Und vor 2010 waren die für Peniskrebs angewendeten Chemotherapien nicht so wirksam wie die heute angewendeten "und viele waren extrem giftig", sagte Dr. Pagliaro. Die Datenbank zeichnete auch nicht auf, ob eine Chemotherapie im Rahmen einer palliativen Behandlung von metastasierendem Krebs verabreicht wurde , von der keine Verbesserung des Überlebens erwartet werden kann.

Rekrutierung von mehr Peniskrebspatienten für klinische Studien

Fortschritte bei der Behandlung von Peniskrebs wurden durch seine Seltenheit behindert, die die Anzahl der Patienten begrenzt, die für klinische Studien rekrutiert werden können, schrieben die Autoren der Studie. In dem von der Studie abgedeckten Jahrzehnt wurde weniger als ein Drittel der Männer in Krankenhäusern behandelt, in denen vier oder mehr Fälle von Peniskrebs pro Jahr auftraten.

Dr. Pagliaro, der auf Peniskrebs spezialisiert ist, betreut ungefähr 20 Patienten pro Jahr in einem als sehr großvolumig geltenden Behandlungszentrum für die Krankheit. Als er und seine Kollegen kürzlich eine klinische Studie zur präoperativen oder neoadjuvanten Chemotherapie durchführten, „brauchten wir 8 Jahre, um 30 Patienten zu rekrutieren“, sagte er.

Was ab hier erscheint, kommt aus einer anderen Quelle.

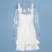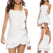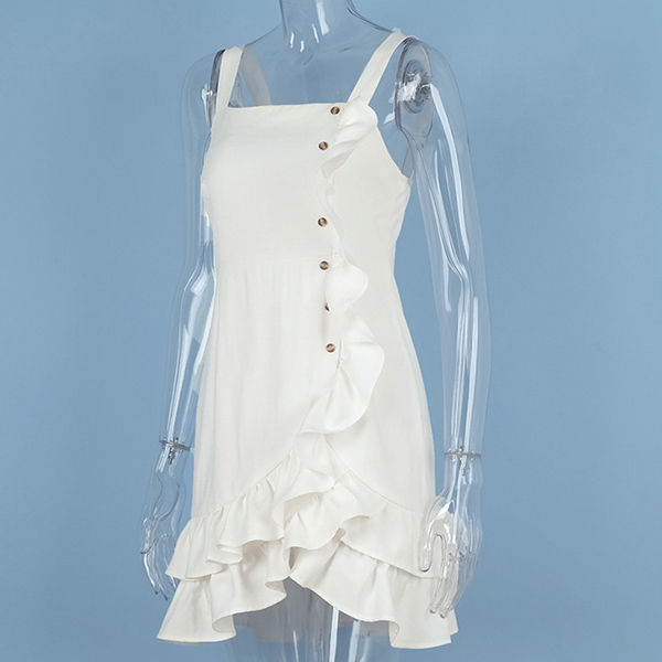 button front design, a double layer ruffled tulip hem, cami straps, backless. Matching with a pair of

Bei Penis- und anderen sehr seltenen Krebsarten könnten die Vereinigten Staaten möglicherweise besser von einem System wie dem in Großbritannien bedient werden, in dem alle Patienten landesweit in nur wenigen Krankenhäusern behandelt werden, die auf die Krankheit spezialisiert sind, schrieben Barrett McCormick, MD, und Curtis Pettaway vom Anderson Cancer Center der University of Texas in einem begleitenden Editorial .

Die laufende Internationale Studie über fortgeschrittenen Peniskrebs ( InPACT) soll eine genauere Antwort auf die Anwendung der Chemotherapie bei Männern geben, deren Peniskrebs sich auf nahegelegene Lymphknoten ausgebreitet hat. Die Studie vergleicht drei Behandlungsschemata: Lymphknotendissektion allein, Dissektion plus neoadjuvante Chemotherapie und Dissektion plus neoadjuvante Chemotherapie und Strahlentherapie. InPACT untersucht auch, ob rezidivgefährdete Männer von der Entfernung zusätzlicher Beckenlymphknoten profitieren.

Dies sind nicht die einzigen offenen Fragen bei Peniskrebs, kommentierte Dr. Pagliaro. Weitere Studien sind erforderlich, um die neoaduvante Chemotherapie mit der nach der Operation verabreichten Chemotherapie (Adjuvans) zu vergleichen und um zu untersuchen, ob neuere zielgerichtete Therapien oder Immuntherapien den Patienten zugute kommen könnten.

"Es gibt mehr Fragen, als Sie in einem einzigen Versuch beantworten können, insbesondere bei einer seltenen Krankheit", schloss er.